I know from graphing the function it is increasing approxmiately on (2,infinity)

To me, it looks like the function is approaching 0 as x approaches infinity. How did you graph it?

[utility]

To me, it looks like the function is approaching 0 as x approaches infinity. How did you graph it?

Using graph calc, I entered i as (6/x)/(1/1-x). Is the other work correct?

[Stephen Tashi]

Using graph calc, I entered i as (6/x)/(1/1-x). Is the other work correct?

Shouldn't you do addition of 6/x and 1/(1-x) instead of division?

[uart]

Why don't you solve the inequality F'(x) > 0

To solve -6/x^2 -1/(1-x)^2 > 0 you can multiply both sides by x^2 (1-x)^2, and since this quantity is always positive it wont break the inequality. (Though obvious you still need to be careful of the points x=0 and x=1).

BTW. If you do the above you will find that the LHS of the inequality is negative definite and hence there is nowhere in the domain of that function where the derivative is positive.

[Ray Vickson]

1. The problem statement, all variables and given/known data
F(x)=6/x-(1/1-x)

Find the intervals on which the function is increasing/decreasing?


2. Relevant equations
F(x)=6/x-(1/1-x)

F'(x)= -6/x^2 -1/(1-x)^2




3. The attempt at a solution

Critical points are x=0 and x=1

Function has a discontinuitiy at 0

Checking to the right of the critical point:

f'(2) <0

f'(-1)<0

Seems like for all values I put into the derivative I get a negative number in return.
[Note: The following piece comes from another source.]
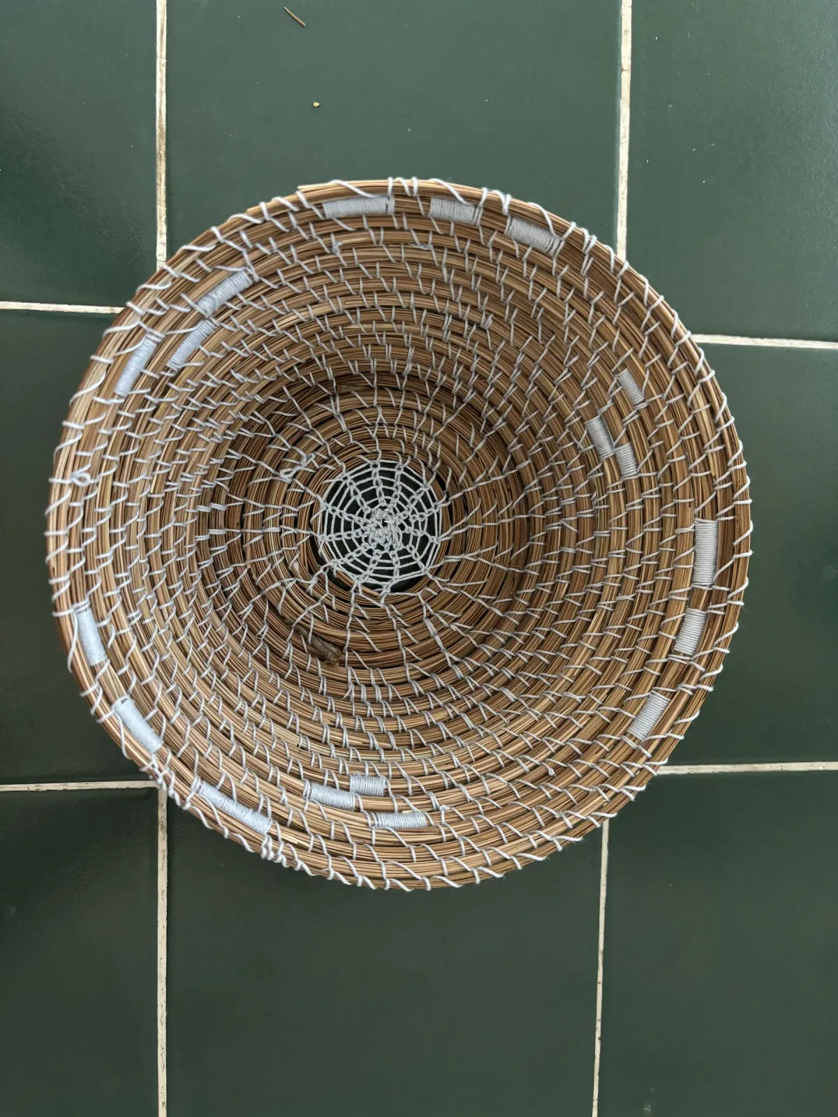 Woven basketNatural fibersHandicraftGreen tilesOverhead viewSpiral patternTextile artRealismLight / SereneStill Life / Objects

And I know from graphing the function it is increasing approxmiately on (2,infinity) and decreasing (-2,-infinity)

For ANY x (except 0 and 1) both terms -6/x^2 and -1/(1-x)^2 are < 0, so F'(x) < 0 everywhere where it is defined (that is, everywhere except x=0 and x=1). When I graph it I do not get what you said. Are you sure you wrote the correct function here? (The function F does increase from negative values for x slightly below x = 1 to positive values just after x = 1, but it does so by "jumping", not by increasing in a smooth way.)

RGV

[utility]

For ANY x (except 0 and 1) both terms -6/x^2 and -1/(1-x)^2 are < 0, so F'(x) < 0 everywhere where it is defined (that is, everywhere except x=0 and x=1). When I graph it I do not get what you said. Are you sure you wrote the correct function here? (The function F does increase from negative values for x slightly below x = 1 to positive values just after x = 1, but it does so by "jumping", not by increasing in a smooth way.)

RGV

I graphed F(x) and it looked to be increasing on a certain interval, however when graphing F'(x) it is certainly negative everywhere it is defined.

So it ok to say the function is decreasing everywhere it is defined?